12) Supplementary material:

    a) More detailed description:

We will first briefly examine human speech production
from an acoustic-phonetic view.  The standard methods of speech
analysis (e.g., FFT and mel-based cepstrum) will be presented and
discussed in terms of efficiency and robustness.  The differences in
objectives between speech coding and speech recognition will be noted.

We will present the modern stochastic techniques to speech
recognition (i.e., hidden Markov models), with simple examples to
emphasize understanding for a non-expert audience.  The issues
of adequate training corpora and the many trade-offs for different
practical applications will be discussed (e.g., continuous vs. isolated-
word recognition; small vs. large vocabularies).  The differences
between read speech and conversational speech will be examined, in
terms of disfluencies, variable speaking rate, and increased use of
function words.  The added difficulties of recognizing speech over the
telephone and with hands-free terminals will be explained.
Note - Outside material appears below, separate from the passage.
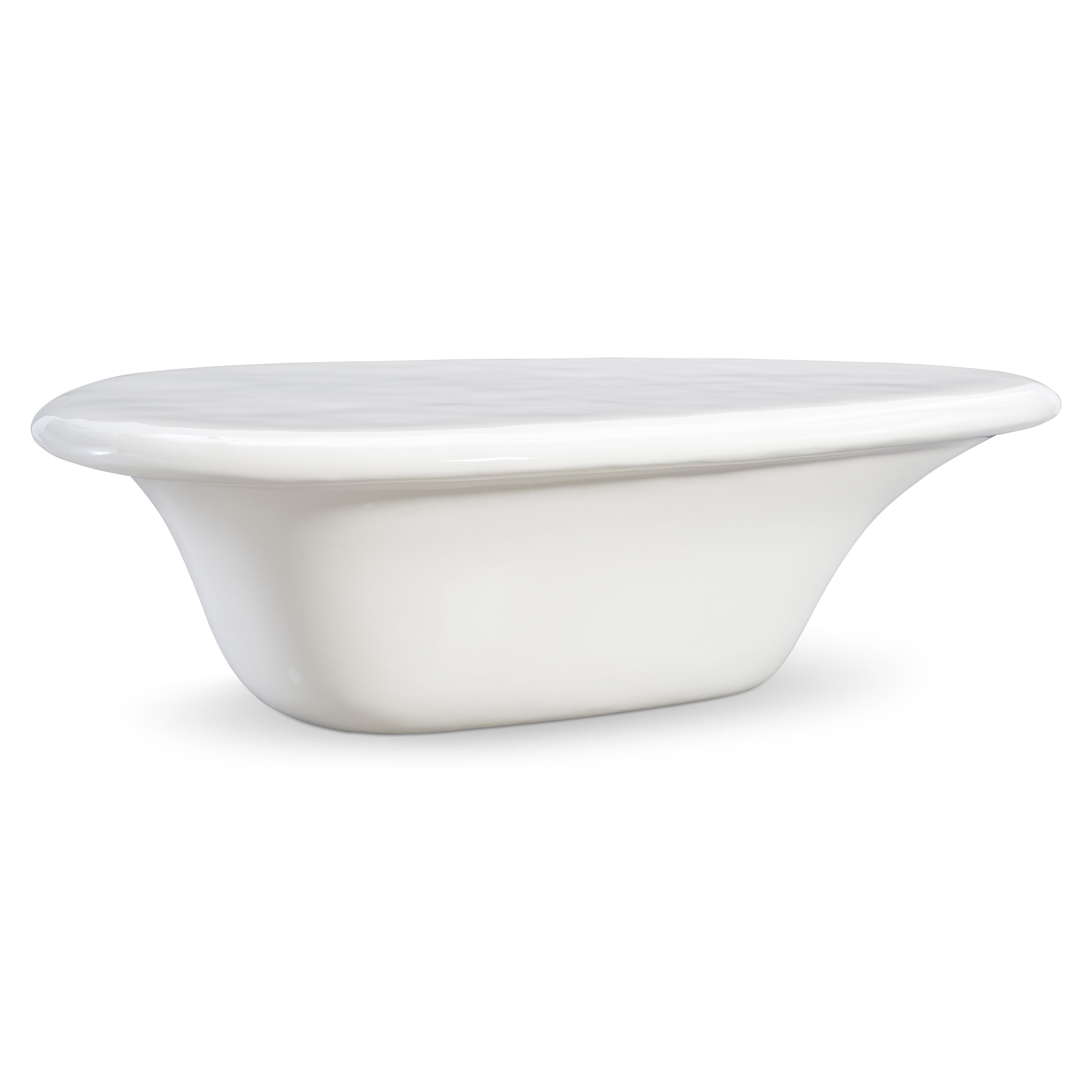 Like a wave just about to crest, the Poca cocktail table offers a fluid shape that rises from the floor. The glass reinforced concrete table has a wavy textured top and a smooth base in Lumen finish.

The importance of appropriate language models will be emphasized,
with both basic N-gram models and more complex class-based and
distance models discussed.  We will discuss the inadequacy of simply
using N-grams as vocabulary size increases, despite the increasing
availability of training texts and the increasing power of computers.

We will describe the current state-of-the-art in recognition of natural
speech, both commercial and research, noting where current systems do well
and where they come up short.  The possibilities of integrating
knowledge-based sources (e.g., aspects
of expert systems) into the current stochastic approaches to speech
recognition will be examined.  Predictions as to the future course of
speech recognition research will be made, in the face of the current
success of limited-application recognizers (but the continued failure
to approach human performance on more general tasks).

   b) Course materials:
Each participant in the tutorial will receive a booklet containing all
slides used in the actual presentation.  In addition, each slide will be
augmented by more detailed information, with suitable references.

   
c) Sample slides:

   ASR is pattern recognition:
    - normalize data in speech signal (normalization)
    - extract parameters and features (data reduction)
    - find the best match in memory (similarity measures)
    - make decisions based on costs (optimal decision)

    - Training phase:
        - design algorithm to map utterance to text
        - develop database model (rules and statistics)
        - develop in non-real-time

- training establishes a "reference memory" or dictionary of speech patterns
(often in the form of stochastic networks), which are assigned text labels
(as phonemes, or more usually words and phrases).

- In speaker-independent (SI) systems, training combines manual and
automatic methods by the developer, whereas speaker-dependent (SD)
recognizers may be trained by customers using automatic procedures (software
provided by the developer).

    - Test phase: 
        - same signal processing
        - apply rules, make decision
        - real-time (if possible) and efficient
        - minimize cost and maximize convenience

Simplistic approach:
    - Store all possible speech signals and their corresponding texts
    - Then just need a table look-up
    - Moore's Law will solve ASR problem?
        - storage doubling every year
        - computation power doubling every 1.5 years
    - Suppose maximum utterance lasts 10 s and coding rate is 4 kbps
    - 40 000 bits: so 2^40000 signals (10^12000)
    - Simplifying: 1-s words, 25 frames/s, 10 coefficients/frame, 4
bits/coefficient (1 kb/word): 2^1000 (or 10^300)
    - Suppose each person spoke 1 word every second for 1000 hours: about
10^17 short utterances
    - From another viewpoint, use VQ (vector quantization): 10 bits/frame
and 25 frame/s -> 125 bits for a brief word: still more than 10^30 possible
signals

How do pattern recognizers work?
    - capture signal (speech)
    - digitize and compress data
    - find closest (most likely) model
    - render decision

Signal processing:
    - not just to cut costs
    - also to focus analysis on important aspects of the signal (and thus
raise accuracy)
    - use the same analysis to create model and to test it


Evaluation:
    - simplest measure: percentage of words correctly transcribed to text
        - or actions correctly performed
    - in real-time applications, can allow feedback
        - partial responses
        - repetitions

Possible practical approaches to ASR:
    - examine how humans interpret speech, and simulate their processes
    - instead, treat simply as a PR problem
    - exploit power of computers
    - expert-system method
    - stochastic method

- Practical systems are limited:
    - by the amount of training data
        - in SD systems, users tire of long sessions
        - memory limitations in the computer
    - by available computation (searching among many possible texts for the
optimal one)
    - by inadequate models (e.g., popular methods make some poor assumptions
to reduce computation and memory, at the cost of reduced accuracy)